Clinics told us that this was a measure their legal advice suggested they put in place in order that in the future, should these couples separate, for example, and have to grapple with issues around the custody and care of their children, the clinics would have these signed declarations which could be relied on at that time, albeit with uncertainty as to the status of such a declaration. Whilst I expressed some concern about such an approach, and felt unease, I was assured the clinics did so on the basis of legal advice, and then only in those cases where patients had said that they did not wish to go through a court process in order to become the legal parents of their children. Having advised clinics to take their own legal advice, and now having done so, I felt we were not in a position to question that advice. Similarly, not having any method of communicating with this group of patients directly and also taking it on trust and good faith that the legal advice was sound and that clinics were acting in the interests of their patients, we felt we could not question the clinic’s approach and the decision these patients had taken to sign declarations.”

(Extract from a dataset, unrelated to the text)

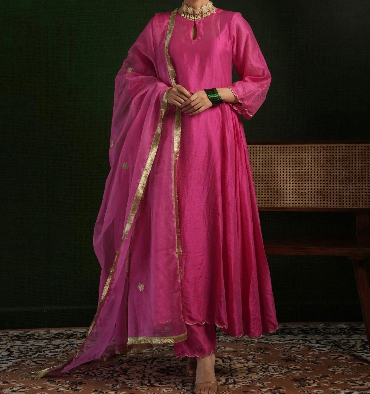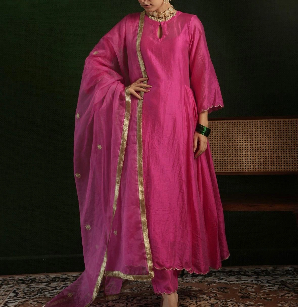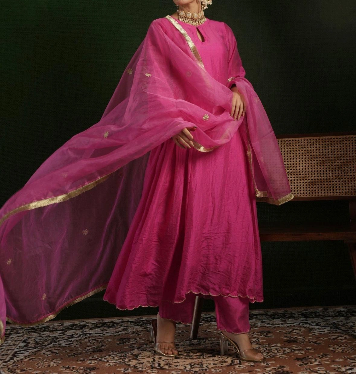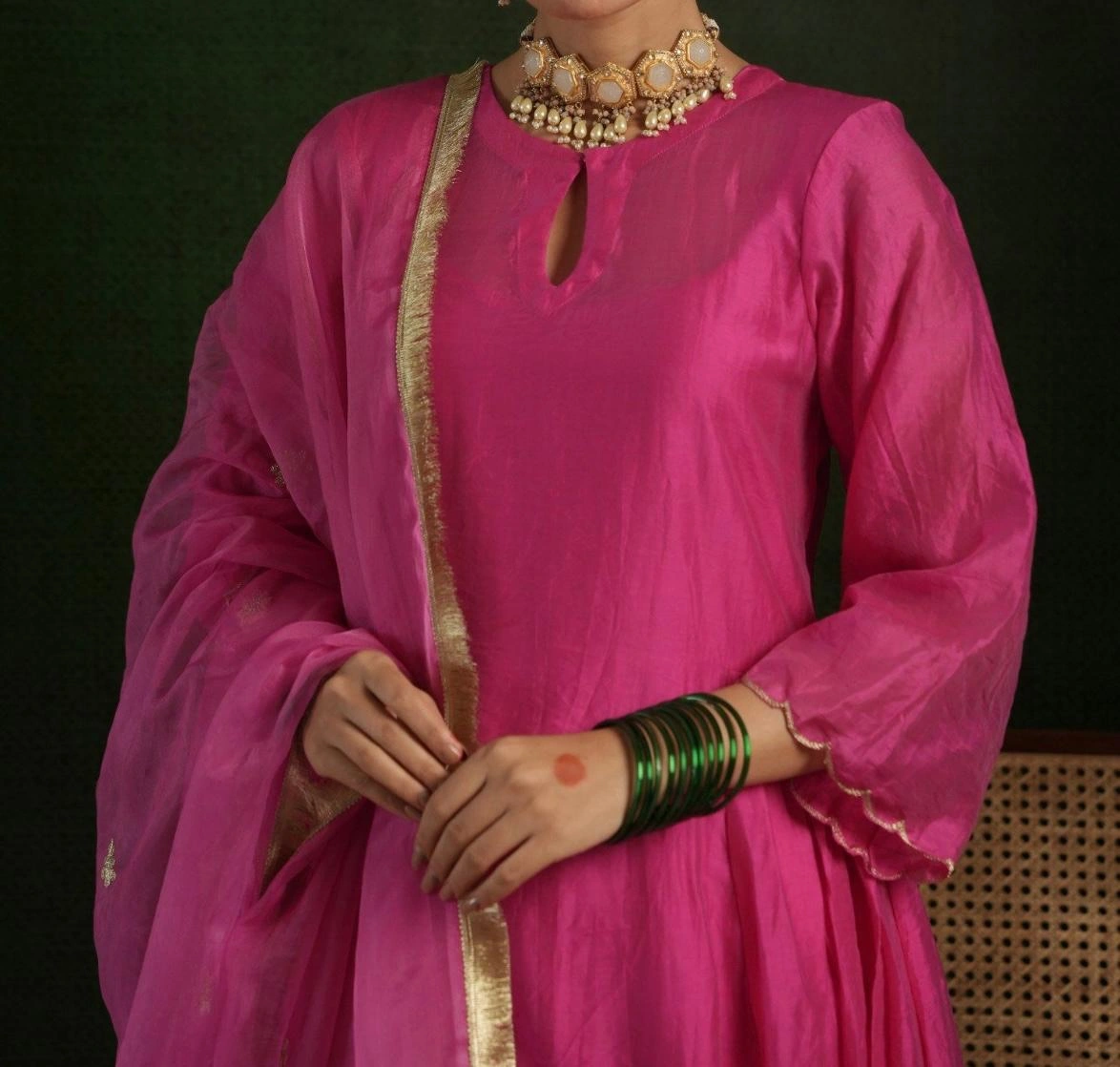 Step into effortless grace with this vibrant fuchsia pink Gulrukh Chanderi  Anarkali set, designed to blend traditional charm with modern finesse. From its elegant silhouette to the delicate Keyhole Neck, every detail adds a regal touch.

18.For reasons which by now will be apparent, Mr Jones was, as it seems to me, well justified in having those concerns and feeling that unease. But I am bound to say that it seems, and not merely with the priceless benefit of hindsight, unfortunate that the HFEA was not more questioning of what it understood was the advice being given at a time, I emphasise, after I had given judgment in In re A. I appreciate that the HFEA was not privy to the detail of any of that advice, but in the light of its understanding, as explained by Mr Jones, of what advice was being given, it might be thought that alarm bells should have been ringing and that the HFEA should have been more questioning, both privately and more publicly, as to the appropriateness and wisdom of the advice it understood was being given. I do not suggest that the HFEA should necessarily have commissioned legal advice itself on the point, but might it not have been better if it had circulated guidance to clinics, setting out what it understood to be happening, stressing that it was for individual clinics to obtain such legal advice as they might think appropriate, but saying that it did have concerns about the appropriateness of the advice which it understood certain clinics had received and perhaps briefly explaining why.